**What you will do**
You are to retype all of the data exactly as it appears.

**Material for the task**
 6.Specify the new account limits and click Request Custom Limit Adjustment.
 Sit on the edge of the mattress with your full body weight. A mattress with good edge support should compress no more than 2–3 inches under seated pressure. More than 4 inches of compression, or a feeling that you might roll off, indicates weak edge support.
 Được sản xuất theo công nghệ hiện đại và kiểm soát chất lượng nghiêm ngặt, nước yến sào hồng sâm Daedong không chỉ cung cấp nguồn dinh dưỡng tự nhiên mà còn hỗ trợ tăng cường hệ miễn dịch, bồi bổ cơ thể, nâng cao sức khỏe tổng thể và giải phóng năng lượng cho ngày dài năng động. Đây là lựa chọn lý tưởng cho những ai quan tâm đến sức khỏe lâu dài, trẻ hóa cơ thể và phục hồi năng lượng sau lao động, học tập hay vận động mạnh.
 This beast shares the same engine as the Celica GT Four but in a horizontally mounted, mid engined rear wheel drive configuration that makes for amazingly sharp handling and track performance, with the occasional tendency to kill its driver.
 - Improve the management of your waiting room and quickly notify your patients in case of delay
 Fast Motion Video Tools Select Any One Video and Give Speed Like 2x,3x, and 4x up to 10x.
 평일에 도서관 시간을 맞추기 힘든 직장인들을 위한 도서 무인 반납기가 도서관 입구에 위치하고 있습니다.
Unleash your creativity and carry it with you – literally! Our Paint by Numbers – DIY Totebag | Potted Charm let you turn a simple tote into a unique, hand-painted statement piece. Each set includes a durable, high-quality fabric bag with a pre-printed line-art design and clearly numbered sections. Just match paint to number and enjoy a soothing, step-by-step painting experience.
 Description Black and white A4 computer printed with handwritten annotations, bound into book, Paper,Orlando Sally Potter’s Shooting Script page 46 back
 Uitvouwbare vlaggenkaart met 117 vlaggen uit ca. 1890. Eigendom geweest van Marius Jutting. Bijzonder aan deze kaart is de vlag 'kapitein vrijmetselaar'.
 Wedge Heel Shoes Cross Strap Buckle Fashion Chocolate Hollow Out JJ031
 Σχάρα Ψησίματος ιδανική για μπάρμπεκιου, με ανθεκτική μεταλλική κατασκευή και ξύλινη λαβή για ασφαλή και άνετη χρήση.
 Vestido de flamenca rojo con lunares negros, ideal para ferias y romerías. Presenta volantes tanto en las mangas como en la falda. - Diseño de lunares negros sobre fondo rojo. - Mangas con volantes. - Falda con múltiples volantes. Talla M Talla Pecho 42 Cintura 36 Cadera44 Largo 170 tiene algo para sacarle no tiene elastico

**Solution for this exercise**
 6.Specify the new account limits and click Request Custom Limit Adjustment.
 Sit on the edge of the mattress with your full body weight. A mattress with good edge support should compress no more than 2–3 inches under seated pressure. More than 4 inches of compression, or a feeling that you might roll off, indicates weak edge support.
 Được sản xuất theo công nghệ hiện đại và kiểm soát chất lượng nghiêm ngặt, nước yến sào hồng sâm Daedong không chỉ cung cấp nguồn dinh dưỡng tự nhiên mà còn hỗ trợ tăng cường hệ miễn dịch, bồi bổ cơ thể, nâng cao sức khỏe tổng thể và giải phóng năng lượng cho ngày dài năng động. Đây là lựa chọn lý tưởng cho những ai quan tâm đến sức khỏe lâu dài, trẻ hóa cơ thể và phục hồi năng lượng sau lao động, học tập hay vận động mạnh.
 This beast shares the same engine as the Celica GT Four but in a horizontally mounted, mid engined rear wheel drive configuration that makes for amazingly sharp handling and track performance, with the occasional tendency to kill its driver.
 - Improve the management of your waiting room and quickly notify your patients in case of delay
 Fast Motion Video Tools Select Any One Video and Give Speed Like 2x,3x, and 4x up to 10x.
 평일에 도서관 시간을 맞추기 힘든 직장인들을 위한 도서 무인 반납기가 도서관 입구에 위치하고 있습니다.
Unleash your creativity and carry it with you – literally! Our Paint by Numbers – DIY Totebag | Potted Charm let you turn a simple tote into a unique, hand-painted statement piece. Each set includes a durable, high-quality fabric bag with a pre-printed line-art design and clearly numbered sections. Just match paint to number and enjoy a soothing, step-by-step painting experience.
 Description Black and white A4 computer printed with handwritten annotations, bound into book, Paper,Orlando Sally Potter’s Shooting Script page 46 back
 Uitvouwbare vlaggenkaart met 117 vlaggen uit ca. 1890. Eigendom geweest van Marius Jutting. Bijzonder aan deze kaart is de vlag 'kapitein vrijmetselaar'.
 Wedge Heel Shoes Cross Strap Buckle Fashion Chocolate Hollow Out JJ031
 Σχάρα Ψησίματος ιδανική για μπάρμπεκιου, με ανθεκτική μεταλλική κατασκευή και ξύλινη λαβή για ασφαλή και άνετη χρήση.
 Vestido de flamenca rojo con lunares negros, ideal para ferias y romerías. Presenta volantes tanto en las mangas como en la falda. - Diseño de lunares negros sobre fondo rojo. - Mangas con volantes. - Falda con múltiples volantes. Talla M Talla Pecho 42 Cintura 36 Cadera44 Largo 170 tiene algo para sacarle no tiene elastico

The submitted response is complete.